You should never tap your emergency savings for expenses like leisure travels, holidays, or wedding gifts. These expenses are non-emergency expenses.

A true emergency is a situation that demands immediate action:

  • Major car repairs
  • Health emergency co-pay or large deductible
  • Unexpected home repairs
  • Emergency travel

As I said before, having enough money to fall back on means that you do not need to rely on family or credit card debt to cover emergency expenses.

Most people hold their emergency funds in bank savings accounts for easy access.

To start your emergency fund, you can use automatic savings plan to stash some money. If you do not already have a savings account, open one at the same bank where you have your checking account. Then link your savings and checking accounts, so you can transfer money between the two.

The checking account is for your everyday spending to cover the bills and any extras.

The savings account is where your savings will grow over time. Set up automatic withdrawals to pull the amount you need each week from your checking account into your savings.

However, if you want to use online banks like Capital One 360 or Ally Bank you can get a better interest rate than your local retail bank.

Also, you can open high-yield savings account that you cannot dip into it often.

Best High-Yield Savings Accounts

6. Reduce or pay off your debt.

If you look at your budget and do not know how to make headway, it’s time to be honest with yourself.

The hard truth you have to face is that you cannot take your money under control because you are probably in debt. That means that you are spending more than you are earning.

Why is it so important to reduce debt?

Debt is always a slippery slope -the interest will eat massive chunks of your spending money, making budgeting difficult. When possible, avoid debt by paying it off fast and not creating new debt.

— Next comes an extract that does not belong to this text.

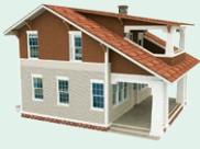
house - dom

When you carry high-interest credit card debt it affects your credit score and your financial progress. Once your debt is paid, you can focus fully on saving, investing, retirement planning, and other financial goals.

There are two strategic and popular methods to get out of debt faster:

  • The Avalanche method helps to reduce the debt that carries the highest interest rate.
  • The Snowball method helps to get rid of debt with the lowest balance first, and then move on to the next lowest one.

The way the snowball approach works is you arrange all of your debts from largest to small ones. Pay off your smallest debt first. Then once the smallest debt is paid off, the money you were paying toward it will be applied to your next smallest debt.

With the avalanche approach, you will start paying off the debt with the highest interest rate and then move to the next highest.

Debt is always a big weight on your budget. The faster you can get rid of it, the faster you can get ahead.

Here are other strategies to help you reduce or pay off debt faster:

  • Refinance a home loan, student loan, or a personal loan
  • Negotiate for a lower interest rate on credit card debt
  • Transfer credit card debt to a 0% balance-transfer credit card
  • Negotiate for a lower interest rate on a home equity line of credit (HELOC)
  • Make bi-weekly mortgage payments

The process of paying down your debts can be satisfying. It will work as a big boost to see progress on your payments.

7. Invest your money and save for retirement.

We all know that it is important to save money in your bank account for emergencies. Having enough money to cover unexpected issues is critical. However, we do not want to keep all our extra money in bank accounts because interest rates are not high enough even to keep up with inflation.

Investing allows us to set aside money that grows steadily and can increase over time. While we might not see great gains in the short term, this is a great way to prepare and save for retirement.

If you have a workplace retirement plan like a 401(k), use that for your retirement savings with automatic withholding. If you do not have a workplace account, consider alternatives like IRA, Solo 401(k), and after-tax money accounts like Roth IRA.

  • Different Types of Retirement Accounts
  • 6 Steps Guide to Organizing Finances for Retirement
  • Should I Pay Off My Mortgage Before Retirement?

8. Stick to your financial goals.

When you are trying to get your finances under control you need to stick to your goals and give them time.

Keep a close eye on the progress you are making. Keep in mind that paying off debt, tracking spending, or reducing expenses is not going to happen overnight. Take small steps toward the final outcome.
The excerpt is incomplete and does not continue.